Work to complete - Below are the records; repeat exactly their lines between the line holding "オレンジ系 /FT レディース" and the line holding "Все муки буддистских", inclusive, skipping the pictures.

Records to use -
==================================================

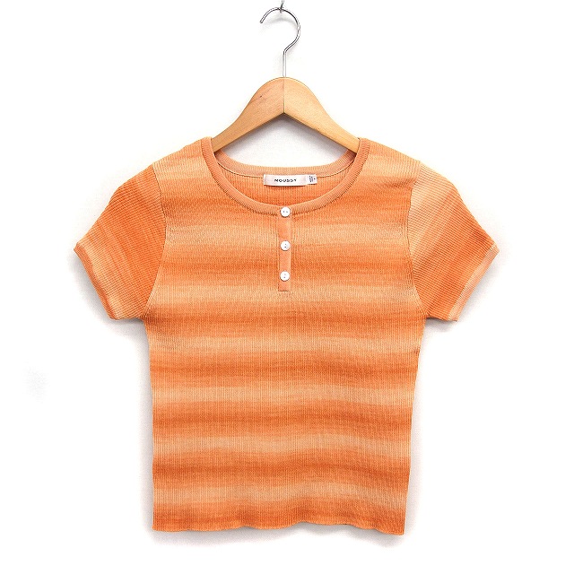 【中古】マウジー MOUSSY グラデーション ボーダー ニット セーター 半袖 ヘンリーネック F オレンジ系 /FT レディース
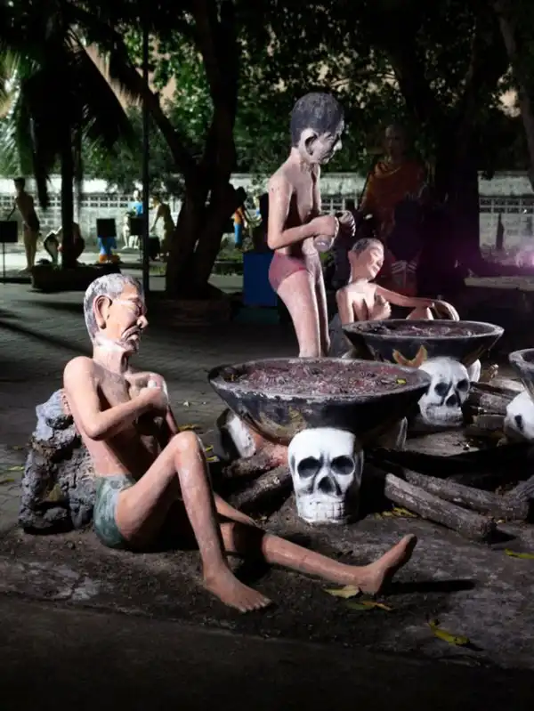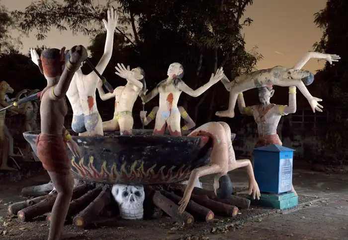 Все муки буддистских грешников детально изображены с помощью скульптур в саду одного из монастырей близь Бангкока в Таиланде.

==================================================

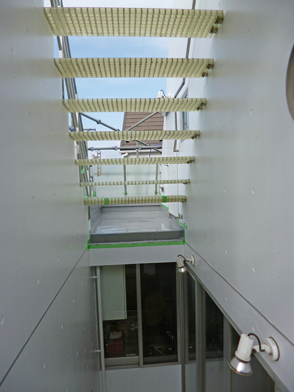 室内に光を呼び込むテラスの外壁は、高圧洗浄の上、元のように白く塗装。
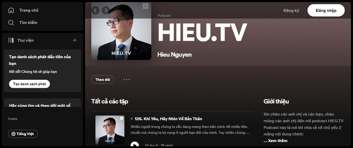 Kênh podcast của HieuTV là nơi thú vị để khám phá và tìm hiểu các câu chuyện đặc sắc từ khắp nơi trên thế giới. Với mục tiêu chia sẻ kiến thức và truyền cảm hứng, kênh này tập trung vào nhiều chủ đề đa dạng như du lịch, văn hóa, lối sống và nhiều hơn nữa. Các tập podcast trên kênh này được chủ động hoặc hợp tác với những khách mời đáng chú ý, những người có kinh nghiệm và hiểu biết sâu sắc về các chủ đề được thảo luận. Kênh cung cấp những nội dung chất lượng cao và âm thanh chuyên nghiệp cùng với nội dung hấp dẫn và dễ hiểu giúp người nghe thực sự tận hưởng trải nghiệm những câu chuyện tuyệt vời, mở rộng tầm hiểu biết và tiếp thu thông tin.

==================================================

Result of the task -
 【中古】マウジー MOUSSY グラデーション ボーダー ニット セーター 半袖 ヘンリーネック F オレンジ系 /FT レディース
 Все муки буддистских грешников детально изображены с помощью скульптур в саду одного из монастырей близь Бангкока в Таиланде.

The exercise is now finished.